Эфрону в момент встречи с Цветаевой было 17,5 лет, Цветаевой 18,5 лет. Отсюда число тридцать шесть в стихах. Число семь число стихотворений, оставленных в цикле, видимо, тоже символично. Это благое число, которое позволило Цветаевой надеяться на встречу с мужем здесь или там. Именно эту дату 7 июня Цветаева проставит в июне 1922 года на «Разлуке», подаренной Эфрону ровно через год после создания цикла. А двадцать лет спустя, в сборник 40 года включит 3, 4, 7, 8 цикла под тем же заглавием. Третье об уходе и встрече с мужем, четвертое о ревности богов, седьмое молитва Зевсу, чтобы муж уцелел, восьмое вновь возвращает к теме смерти и спору с богами. Шестое стихотворение цикла «Седой — не увидишь…» Цветаева не включила в книгу 40 года, предположительно, из-за темы разлуки с сыном, единственным, что у нее осталось после ареста мужа и дочери. Символические стихи «Разлуки» зазвучат из страшного 41-го года по-новому, угрожающе-современно. В восьмом стихотворении Цветаева писала о стремлении сражаться за счастье быть рядом с мужем, выражала мысль о полной зависимости человека от воли богов. Бог в этом последнем стихотворении то ли Зевес, то ли Дионис:
Я знаю, я знаю,
Что прелесть земная,
Что эта резная,
Прелестная чаша —
Не более наша,
Чем воздух,
Чем звезды,
Чем гнезда,
Повисшие в зорях.
Я знаю, я знаю,
Кто чаше — хозяин!
Но легкую ногу вперед — башней
В орлиную высь!
И крылом — чашу
От грозных и розовых уст —
бога!
Обратим внимание на строчную букву, которой автор отметил множественность богов, с которыми вступает в поединок человек-поэт. Этот шаг «башней / В орлиную высь» лирически выражен за двадцать лет до того момента, когда ей и в самом деле придется молиться всем богам за жизнь Сергея Яковлевича. Прелестная чаша жизни не была испита до конца. Предстояло еще двадцать лет пути, двадцать лет «непрерывной души», выражавшей себя в творчестве.

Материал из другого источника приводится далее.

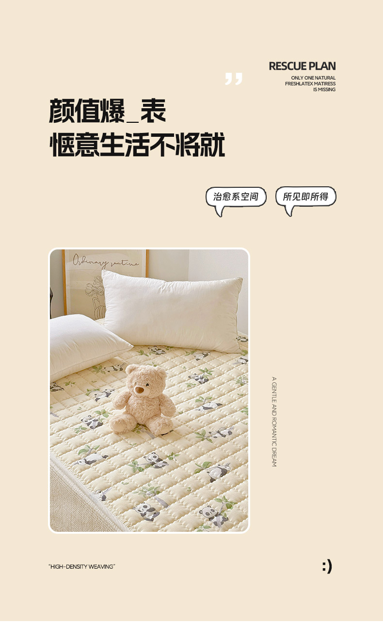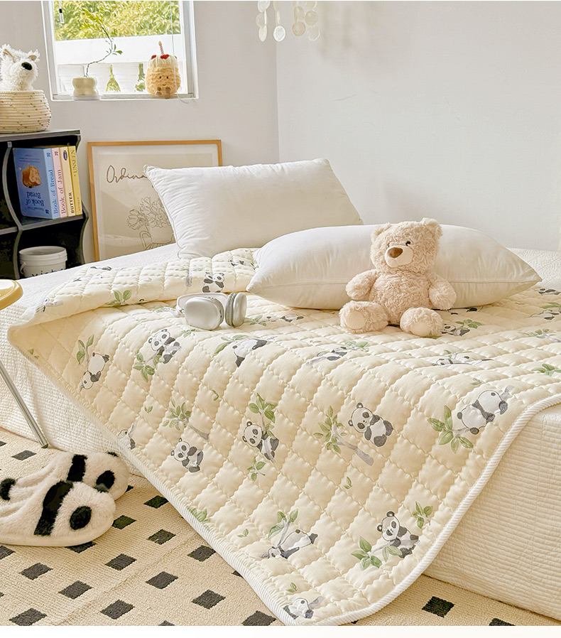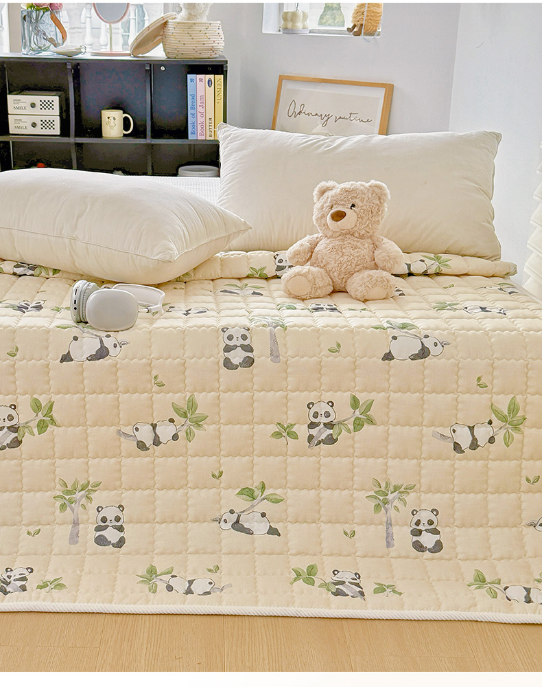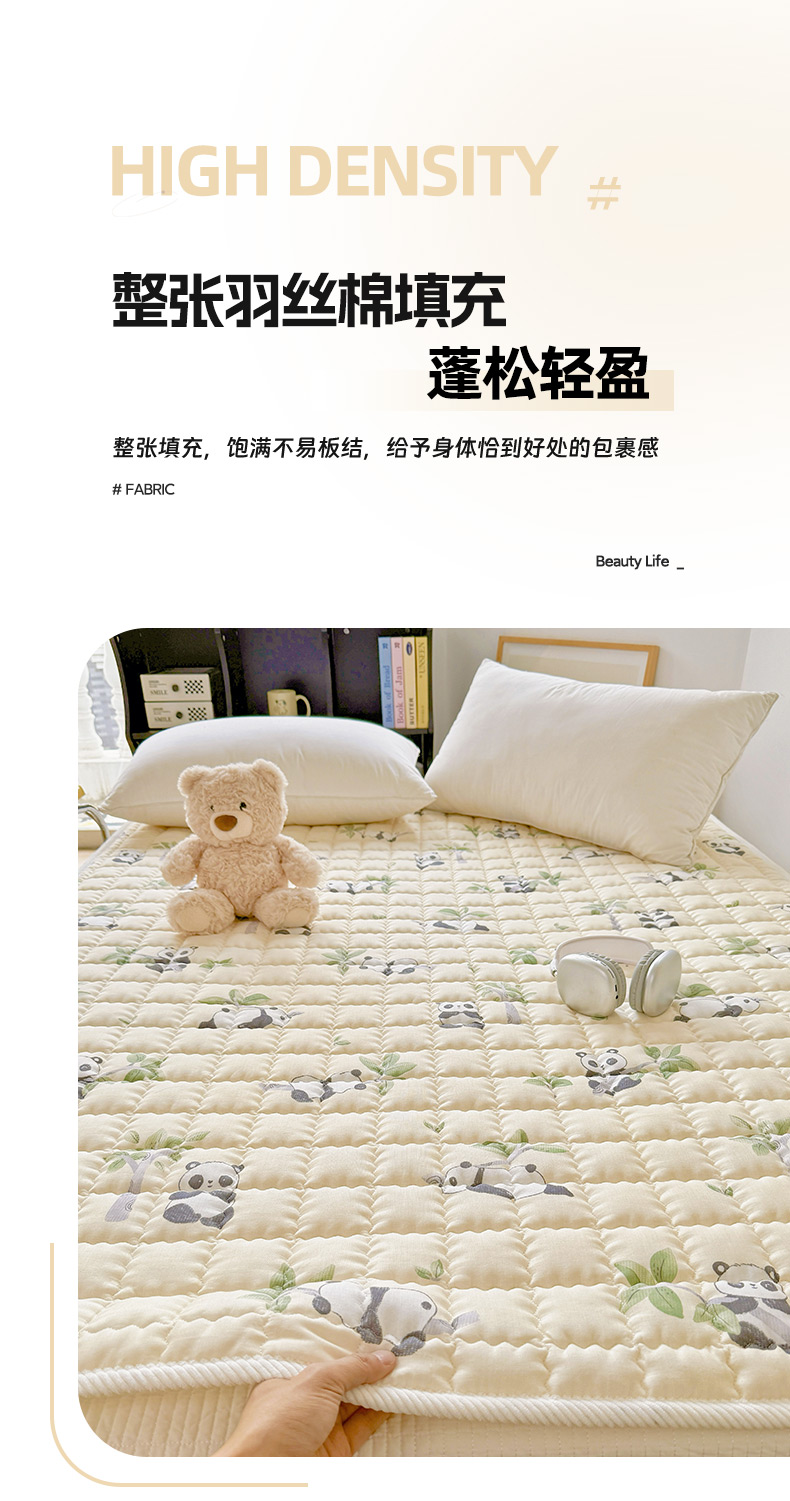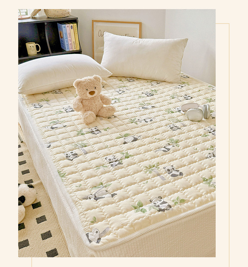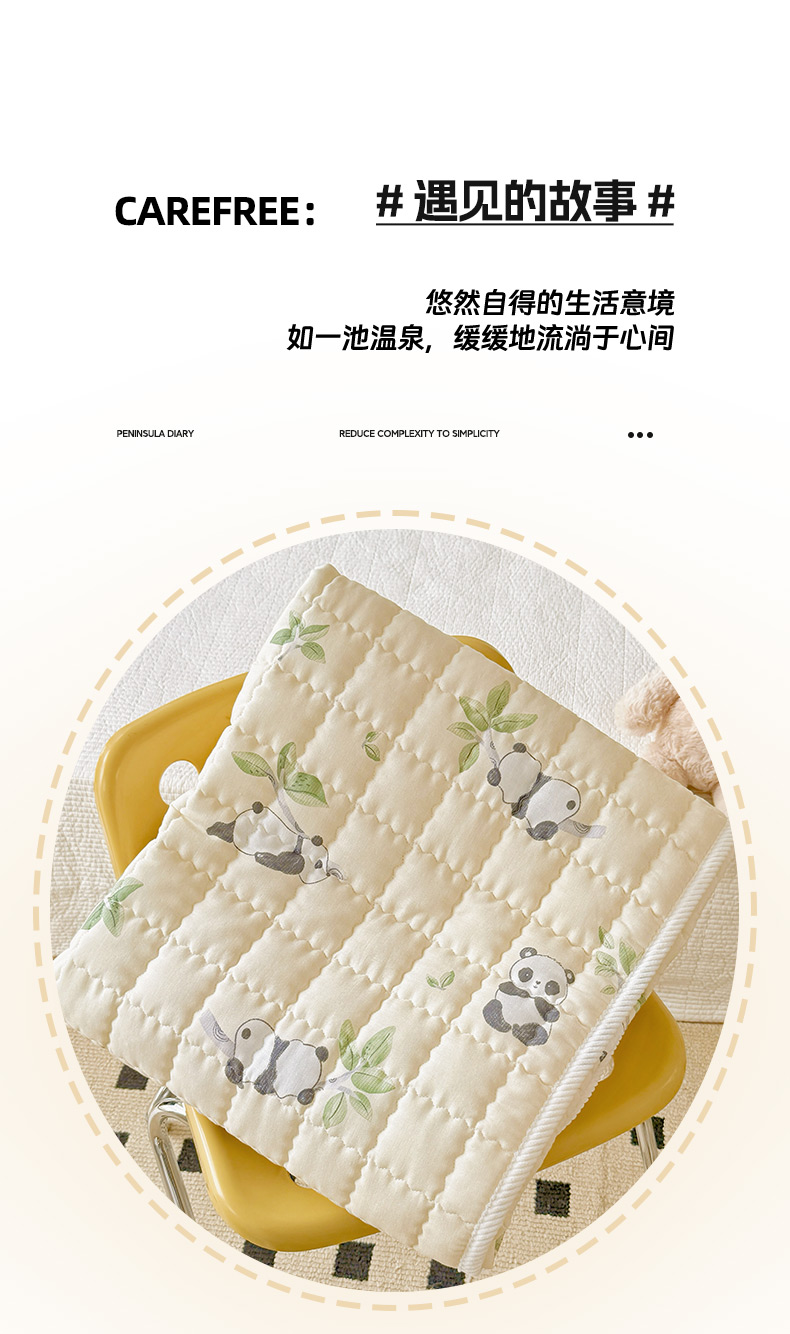 澳萝拉 2025新款纯棉双层纱印花软床垫床褥 熊猫盼盼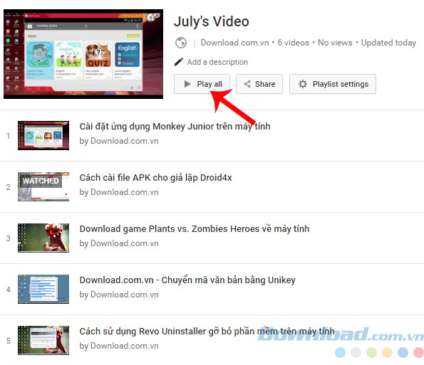 Sau khi đã có đủ số lượng cần thiết, chọn vào Play all để chạy toàn bộ playlist của chúng ta.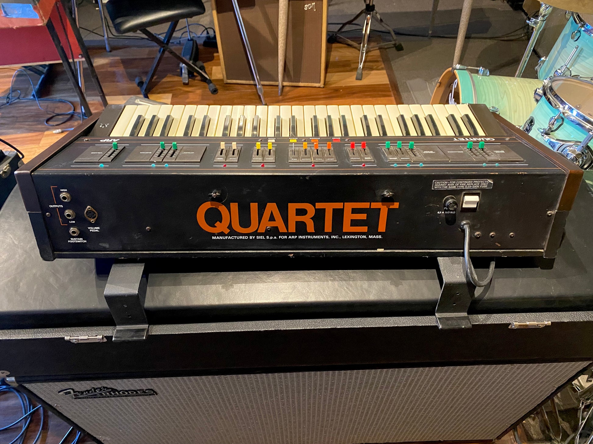 The ARP Quartet is, in fact, identical to the Italian-made Siel Orchestra. ARP bought, relabeled and sold it as the Quartet without changing much. It's a 4-part orchestral synthesizer with 4 sections: Brass, Strings, Organ and Piano. These 4 tone color families can be tweaked and played individually or two can be played simultaneously. Selected presets will light up LEDs to show you which sliders and buttons can be used to modify the current section. The synth itself is somewhat limited--there is no external control, no pitch/mod wheel and few editing parameters. However, it sounds very good and, ultimately, it is a classic analog synthesizer.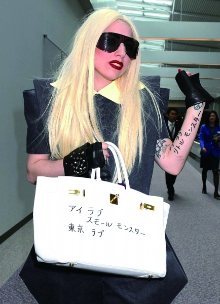 时尚界的另一话题女王——Lady Gaga当然不会错过“糟蹋铂金包”这种昂贵的小把戏。2010年去日本时,她用黑色马克笔在崭新的白色铂金包上写下“我爱小怪兽,东京爱情故事”的日文字样,并让粉丝在包的背面随意涂写。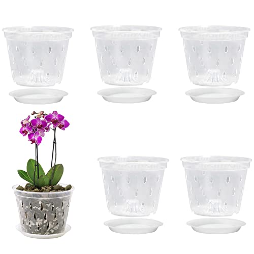 - [Dimensions & Package Contents]: You will get 5 clear plastic plant pots, 5.5 inches in diameter and 4.1 inches in height. The package also comes with 5 pack clear plates. If you have any questions about our orchid cultivation pots, please contact us in time and we will provide you with a solution.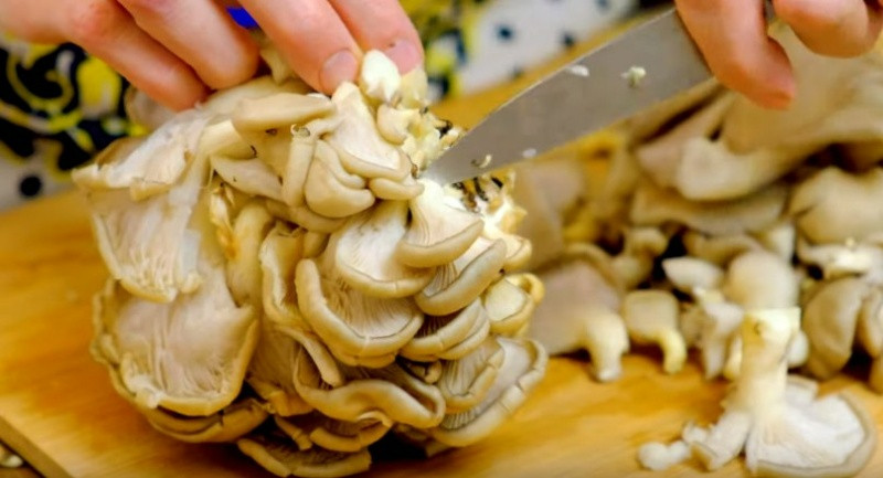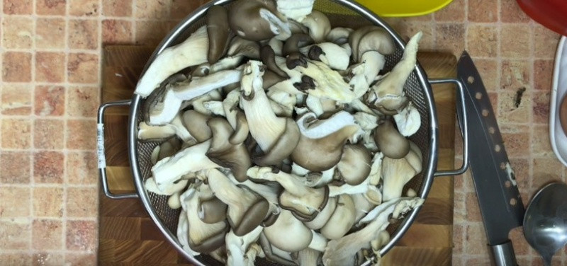 1. Грибы нужно хорошо промыть под проточной водой от мусора и загрязнений. Затем, если попадаются слишком крупные вешенки, разрезать их. Но лучше всего изначально выбирать грибы с маленькими шляпками.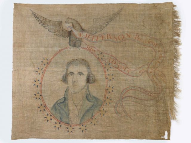 The National Museum of American History – where the banner now resides – describes it as “one of the earliest surviving textiles carrying partisan imagery, created at the dawn of the first American party system in which power passed from Federalists to Jeffersonian Republicans.”

Стихи к БлокуНе проломленное ребро…
Сборник «Стихи к Блоку» тоже опубликован в 1922 году в берлинском издательстве «Огоньки». Он подразделен на три раздела и состоит из 21 стихотворения 1916–1921 годов. Цикл «Стихи к Блоку» был образован в 1921 году[563]. В первый раздел книги вошло девять стихотворений 1916–1920 годов, во второй — семь стихотворений памяти умершего Блока, в третий — пять стихотворений цикла «Подруга», обращенного к приятельнице поэта, Н. А. Нолле-Коган. Книга вызвала разноречивую критику. Многим современникам было непонятно, зачем Цветаева издала отдельно стихи, посвященные Блоку. Например, недоброжелательно отнесся к ней Брюсов, а похвалил П. Потемкин[564]. Для Цветаевой увлечение Блоком и его поэзией было целой эпохой душевной жизни, вот почему она выделила стихи к нему в самостоятельную книгу. Так же поступит она в 1928 году, издав стихи, обращенные к Пастернаку, но не станет обнаруживать адресата книги. К Блоку можно было обратиться публично, потому что он перестал быть человеком, превратился в Ангела Поэзии и слышал стихи Цветаевой из другого мира, должен был понять ее лучше, чем за год до смерти, в 1920 году, когда она передала ему стихи через дочь Алю.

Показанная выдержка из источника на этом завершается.